- Directed by: Robert G. Vignola
- Screenplay by: Doris Anderson Dore Schary Story by: Coningsby Dawson
- Starring: Karen Morley; Robert Baldwin; Eduardo Ciannelli; Katharine Alexander; Lloyd Crane; Bud Flanagan; Lynn Anders; Odette Myrtil; Claude King; Leonid Kinskey;
- Cinematography: Robert Pittack
- Edited by: George McGuire
- Music by: Georgie Stoll
- Production company: Paramount Pictures
- Distributed by: Paramount Pictures
- Release date: April 9, 1937;
- Running time: 61 minutes
- Country: United States
- Language: English

= The Girl from Scotland Yard =

1937 film by Robert G. Vignola

The Girl from Scotland Yard is a 1937 American mystery crime film directed by Robert G. Vignola and starring Karen Morley.

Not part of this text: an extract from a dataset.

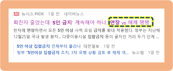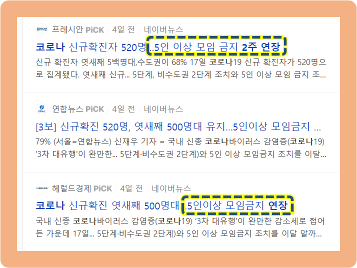 그리고 최근 5인 이상 집합 금지 등의 규제가 2주 연장되었습니다.
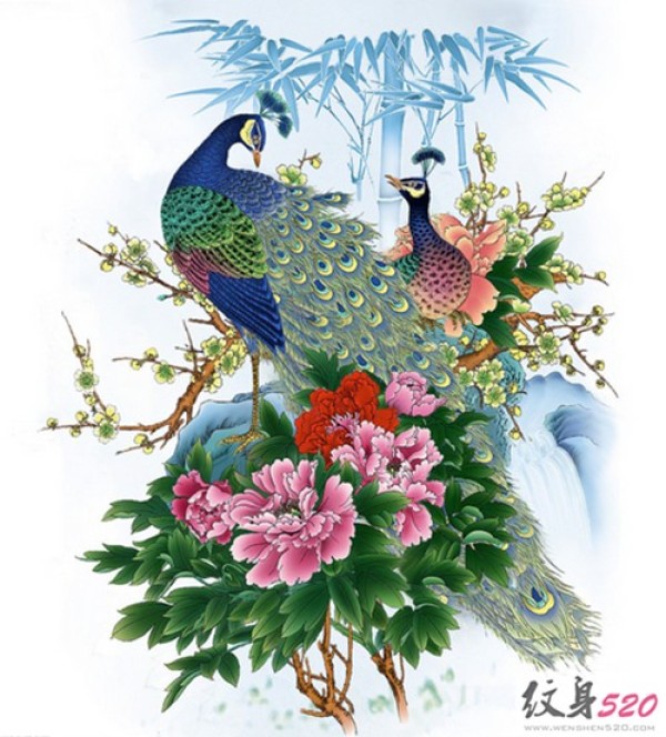 华美的孔雀纹身手稿欣赏

Actor Jon Hall appears under the name "Lloyd Crane".

==Plot==
Detective Beech (Karen Morley) and reporter Holt (Robert Baldwin) pursue a death ray–wielding anarchist (Eduardo Cianelli) with a pathological hatred of England.

==Cast==
- Karen Morley as Linda Beech
- Robert Baldwin as Derrick Holt
- Eduardo Ciannelli as Franz Jorg
- Katharine Alexander as Lady Lavering
- Lloyd Crane as Bertie
- Dennis O'Keefe as John
- Milli Monti as herself
- Lynn Anders as Mary Smith
- Richard Ted Adams as valet
- Odette Myrtilas Mme Dupré
- Claude King as Sir Eric Ledyard
- Leonid Kinskey as Mischa

==Critical reception==
Leonard Maltin wrote, "escapist story of girl trying to track down mysterious madman with destruction ray is poorly handled; not nearly as much fun as it might have been." and Fantastic Movie Musings & Ramblings wrote, "there are nice touches here and there...but all in all, it's merely rather ordinary. Not bad for a slow day and keep your expectations in check."